The cost is the tax for safety. It is almost always worth paying.


What strangler does not solve

  • A boundary that does not exist. Some legacy systems have no clean interface anywhere — everything calls everything. The first move is to introduce a boundary through refactoring (step 1 is more work) before strangler is possible.
  • A boundary where the legacy and modern fundamentally cannot produce equivalent outputs. Some migrations are not "preserve behaviour"; they are "change behaviour." Strangler is for behaviour-preservation; behaviour changes need separate evaluation against new criteria.
  • A monolith with no test coverage at all. Strangler still works, but the eval backstop (chapter 03) must be built first; the comparison is empty without it.

Common mistakes

Skipping the shadow phase. A team confident in the new implementation cuts traffic without shadow. Six hours later they discover a 3% mismatch in a niche case. Shadow is cheap; cutting it is rarely the right tradeoff.

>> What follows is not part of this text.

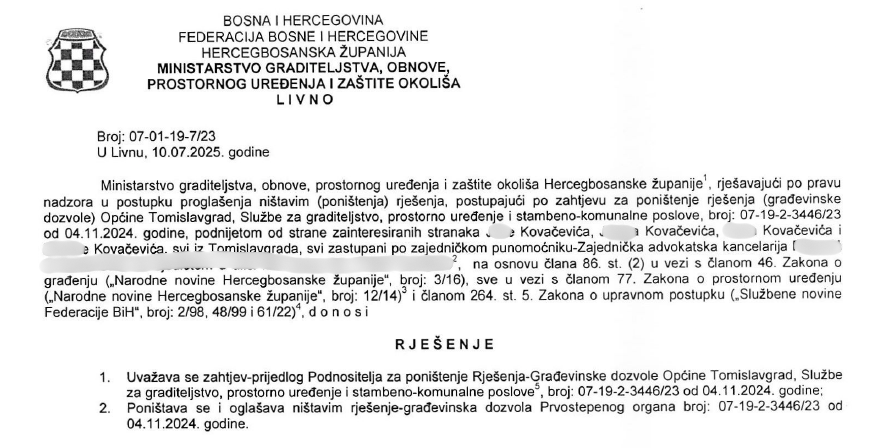 “Ovim se oglašava ništavnom građevinska dozvola broj 07-19-3-1871-23 od 25.11.2024. godine…”, jasno stoji u rješenju Ministarstva koje posjeduje Hercegovina.info.

Treating "match" as binary. AI outputs do not byte-match. Use the eval; accept variation within tolerance.

Running shadow indefinitely. Shadow has a cost. Cap the duration; commit to a cutover date.

Cutting over and removing the legacy immediately. Keep the legacy alive for a stability window. Rollback should not require a deploy.

Strangling around the wrong boundary. Picking a boundary that does not give you the decoupling you want. Re-read the audit; pick the highest-leverage extraction.


Interview Q&A

Q1. The team wants to "rewrite the AI module." What is the strangler alternative? Don't rewrite; replace. Identify the system's boundaries — data fetching, prompt construction, model calling, response handling, decision serialisation. Extract one boundary at a time behind an explicit interface. Build the new implementation against the interface; run it in shadow alongside the old; compare outputs; cut over when matched. Continue with the next boundary. The system continues to operate throughout. The rewrite path is months of work with a big-bang risk; the strangler path is months of work with continuous risk control. Wrong-answer notes: "rewrite is faster" misses the risk profile; strangler is often not slower because the parallel work continues delivering improvements.

Q2. Walk through a shadow run for a data-fetching component. Both legacy and modern implementations are wired up. For 1% (or 10%, or 50%) of traffic, the modern implementation is called alongside the legacy. The legacy result is used by the system. The modern result is logged. A comparator analyses pairs of results, categorising differences (acceptable, bug, old-bug-fix). Iterate the modern implementation until the comparator shows no unacceptable differences. Cut traffic 1% → 100% over a few days. Keep legacy alive for a week. Remove legacy. Wrong-answer notes: missing the comparator's role; the shadow alone produces data, the comparison produces decisions.

Q3. The shadow comparator finds that the modern implementation handles a case correctly that the legacy did not. The downstream consumers may depend on the legacy's wrong behaviour. What do you do? Identify the consumers; communicate the change; let them coordinate on whether they need a fix. The new behaviour is correct; cutting over silently may break downstream code that relies on the bug. Two patterns: ship the new behaviour with a flag and coordinate consumer updates, or maintain the legacy's behaviour in the new implementation as a "compatibility mode" until consumers migrate. Either way, the change becomes a coordinated cross-team migration rather than an unannounced switch. Wrong-answer notes: "ship the fix, it's correct" without coordination produces collateral damage.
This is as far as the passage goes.